Data section:
•••••

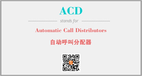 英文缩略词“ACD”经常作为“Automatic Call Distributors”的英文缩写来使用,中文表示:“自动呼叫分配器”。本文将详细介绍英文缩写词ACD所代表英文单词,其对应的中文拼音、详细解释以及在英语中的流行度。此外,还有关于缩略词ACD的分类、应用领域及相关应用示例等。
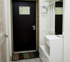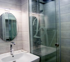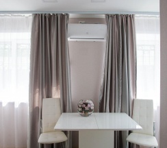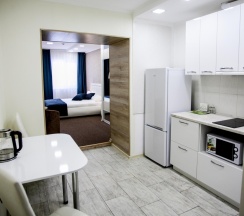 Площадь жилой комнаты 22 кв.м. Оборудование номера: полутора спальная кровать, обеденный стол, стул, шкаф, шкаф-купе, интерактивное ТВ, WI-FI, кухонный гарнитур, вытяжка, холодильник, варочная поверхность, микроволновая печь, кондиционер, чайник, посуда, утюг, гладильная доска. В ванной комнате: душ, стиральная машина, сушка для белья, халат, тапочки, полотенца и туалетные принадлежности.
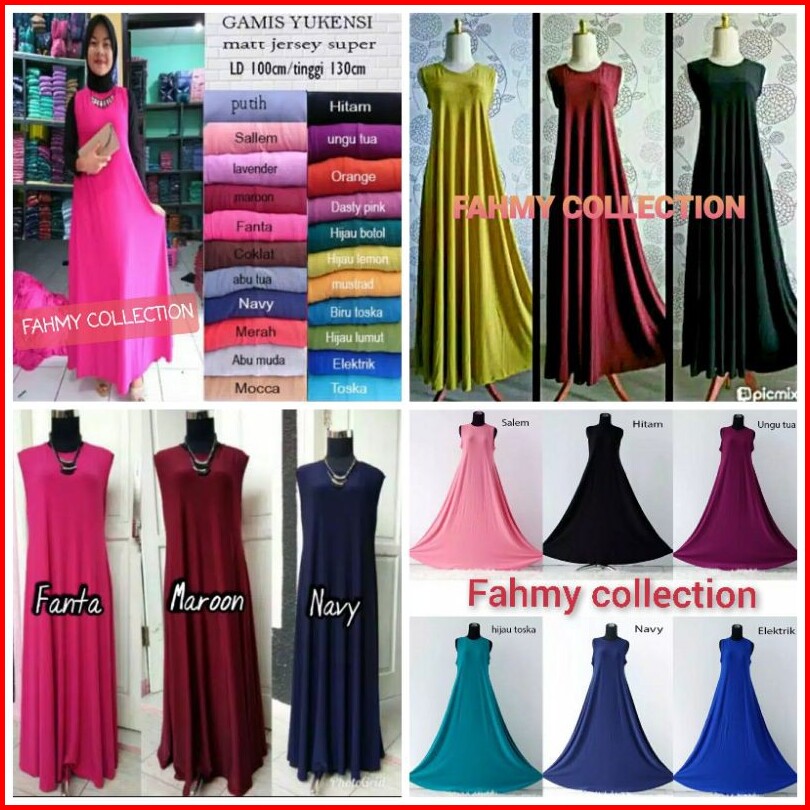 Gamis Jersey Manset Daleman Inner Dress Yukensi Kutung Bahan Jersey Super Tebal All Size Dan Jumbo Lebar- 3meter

•••••

Work instructions:
An exact copy of the lines above, from the first through the line that holds "Площадь жилой комнаты", is what is needed; leave the pictures out.

Solution for this exercise:
 英文缩略词“ACD”经常作为“Automatic Call Distributors”的英文缩写来使用,中文表示:“自动呼叫分配器”。本文将详细介绍英文缩写词ACD所代表英文单词,其对应的中文拼音、详细解释以及在英语中的流行度。此外,还有关于缩略词ACD的分类、应用领域及相关应用示例等。
 Площадь жилой комнаты 22 кв.м. Оборудование номера: полутора спальная кровать, обеденный стол, стул, шкаф, шкаф-купе, интерактивное ТВ, WI-FI, кухонный гарнитур, вытяжка, холодильник, варочная поверхность, микроволновая печь, кондиционер, чайник, посуда, утюг, гладильная доска. В ванной комнате: душ, стиральная машина, сушка для белья, халат, тапочки, полотенца и туалетные принадлежности.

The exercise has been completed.